The CSS-12 was a prototype Polish twin-engined feederliner of the 1950s. A single example was built and flown in 1950, but no production followed.

==Design and development==
The German invasion of Poland at the start of the Second World War resulted in the destruction of Poland's aviation industry, and following the end of the war the Polish government decided to re-establish a national aviation industry. Two design bureaus were set up to design and develop prototypes, Lotnicze Warsztaty Doświadczalne (LWD) (Aircraft Experimental Workshops) at Łódź and the Centralne Studium Samolotów (C.S.S.) (Central Aircraft Study) based at Warsaw, with production to be carried out at a series of State Aircraft Factories (PZL). The C.S.S., led by Franciszek Misztal, who worked as a designer in the pre-war PZL, was tasked with the design of three types, the CSS-10, a single-engined primary trainer, an aerobatic trainer, the CSS-11 and a twin-engined feederliner, which was designated CSS-12.

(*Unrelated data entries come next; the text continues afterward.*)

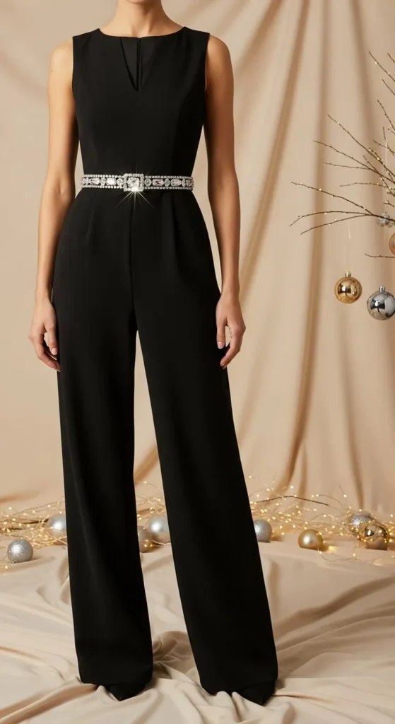 A gold sequin jumpsuit feels fun, bold, and perfect for Christmas celebrations. Jumpsuits are comfortable, making them ideal for long events. Gold sequins reflect the lights beautifully on the dance floor or in photos. If you don’t want a full-sequin piece, choose one with sequin accents only on the top. Pair it with nude heels and a sleek clutch. A simple ponytail or straight hair keeps the focus on the jumpsuit. DIY idea: add a waist belt to help shape the jumpsuit if it feels too loose. This outfit suits events where the atmosphere is glamorous but relaxed.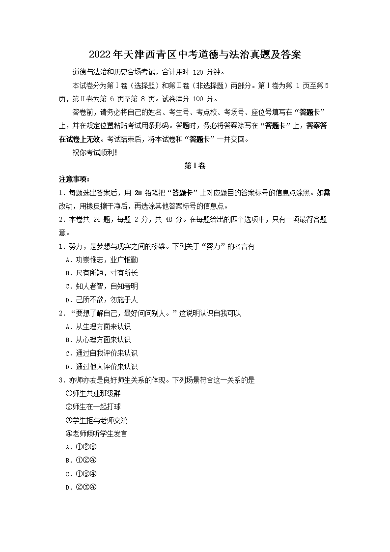 【文档预览】 无忧考网整理发布2022年天津西青区中考道德与法治真题及答案(Word版),前五页预览如下: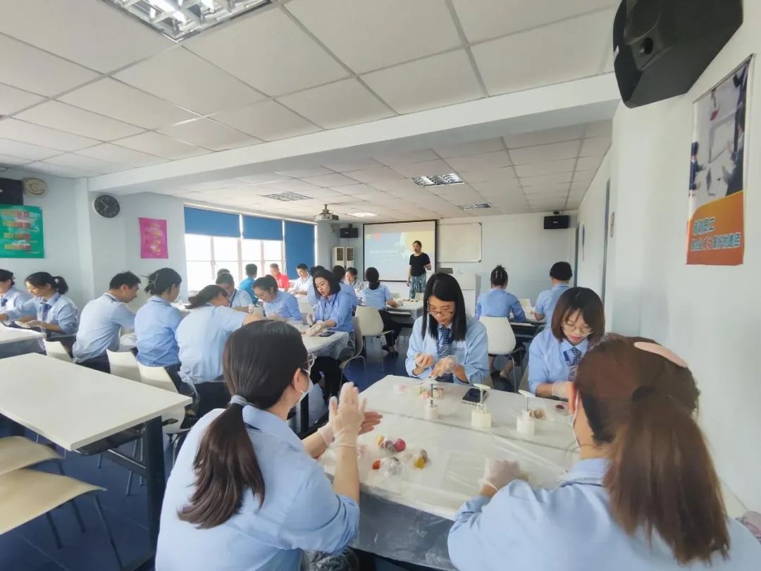 在这个年轻人越来越钟爱复古风、新中式风的时代,点心界也迎来了国潮风格。活动现场,在沈老师讲解示范后,职工们自己动手制作国潮风格的糕点,一边听着沈老师讲解国潮糕点的特色,一边认真地备皮、称重、分皮、包馅、压膜,一个个“大宅蟹”、“醒狮”、“祥云”、“花生”等模型的糕点呈现在自己面前,色彩缤纷、颜值爆表,一股民族文化的自豪感、幸福感油然而生。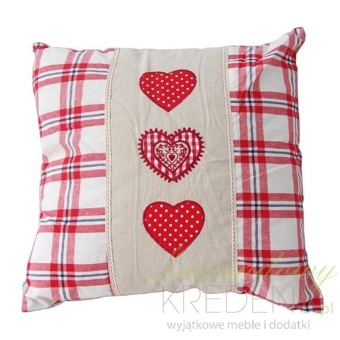 Poduszka prowansalska ozdobiona czerwonymi sercami i motywem kratki.
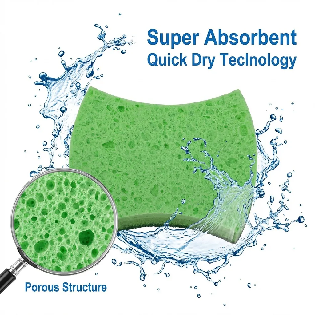 Rapid Absorbency: High-performance fiber structure that outperforms standard synthetic sponges.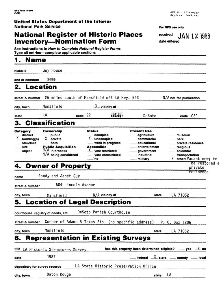 Mansfield ; Off LA 513, 5 mi. S of Mansfield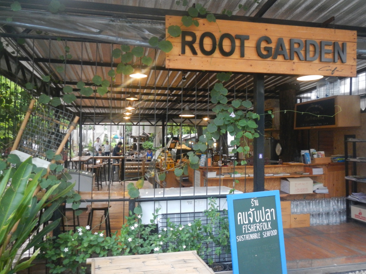 ソイトンローにあるオープンエアのカフェ。名前のとおり木の根がむき出しで、庭にあずまや風の建物があるだけで、エアコンなどないので昼間は日陰とファンはあるが、かなり暑かった。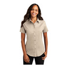 This women's dress shirt is made of a 4.5 oz. 55% cotton / 45% polyester blend for a soft, comfortable feel. This easy-care material also provides wrinkle resistance, making it easy for your staff to maintain a sharp, clean appearance. This shirt offers a comfortable standard fit, and its short sleeves keep fabric out of the way as your staff works. Its stylish design provides a traditional, relaxed look.
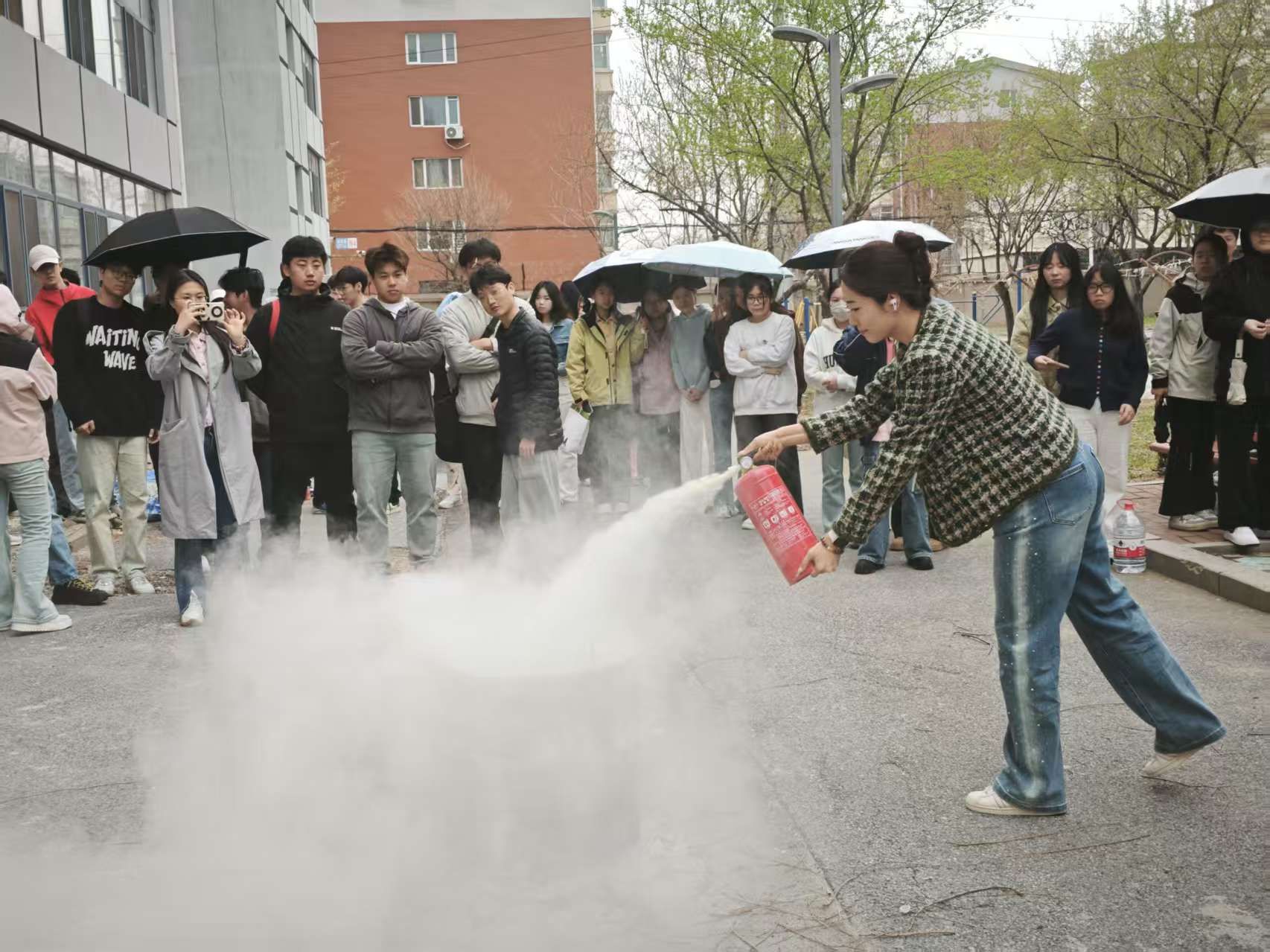 在理论讲解的基础上同学们进行了现场示范。他们手持灭火器,一边操作一边讲解:“使用灭火器时,要牢记‘提、拔、握、压’四字口诀。首先提起灭火器,然后拔掉保险销,接着握住喷管,最后用力压下压把,对准火焰根部进行喷射。”示范动作熟练、规范,让同学们对灭火器的使用有了更直观的认识。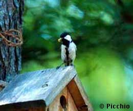 住宅地にも住んでいる身近な鳥で、野鳥の森でも一番数が多い種類です。人がかけた巣箱もよく利用してくれます。どうやら巣を作る場所が少ないらしく、別荘の郵便受けなどにも巣を作ります。 |

Work on the CSS-12 began in 1948, with the prototype making its maiden flight on 22 November 1950. It was a twin-engined low-wing cantilever monoplane of all-metal construction, the first all-metal aircraft to be built in Poland following the end of the Second World War. The oval section fuselage accommodated seats for ten passengers in two rows of five, with the two pilots sitting in an enclosed flight deck forward of the passenger cabin, while a cloakroom and baggage compartment aft of the cabin. The aircraft's wings featured a mixture of smooth and corrugated duralumin skinning, with the corrugated sections covered in fabric to reduce drag. Full-span hydraulically operated trailing-edge flaps were fitted, while engine exhaust gas was used to de-ice the wings' leading edge. The aircraft was fitted with a retractable nosewheel undercarriage. Two 440 hp Argus As 411 engines, built in Germany during the war, drove two-bladed constant speed propellers.

At the end of 1950, the Polish aviation industry was re-organised, with large orders being placed for license-production of Soviet Mikoyan–Gurevich MiG-15 jet fighters. As part of this reorganisation, LWD and the CSS were disbanded, and work on the CSS-12 was suspended. In 1955 flight testing of the CSS-12 resumed. Although testing was successful, with the aircraft setting an international class altitude record of 21653 ft while carrying a payload of 2240 lb on 27 December 1957, no production followed, as the CSS-12 did not meet the requirements of Poland's national airline LOT and no suitable replacements for its out-of production German engines were available. Instead, the CSS-12 formed the basis of the larger four-engined PZL MD-12 airliner which made its first flight in 1959.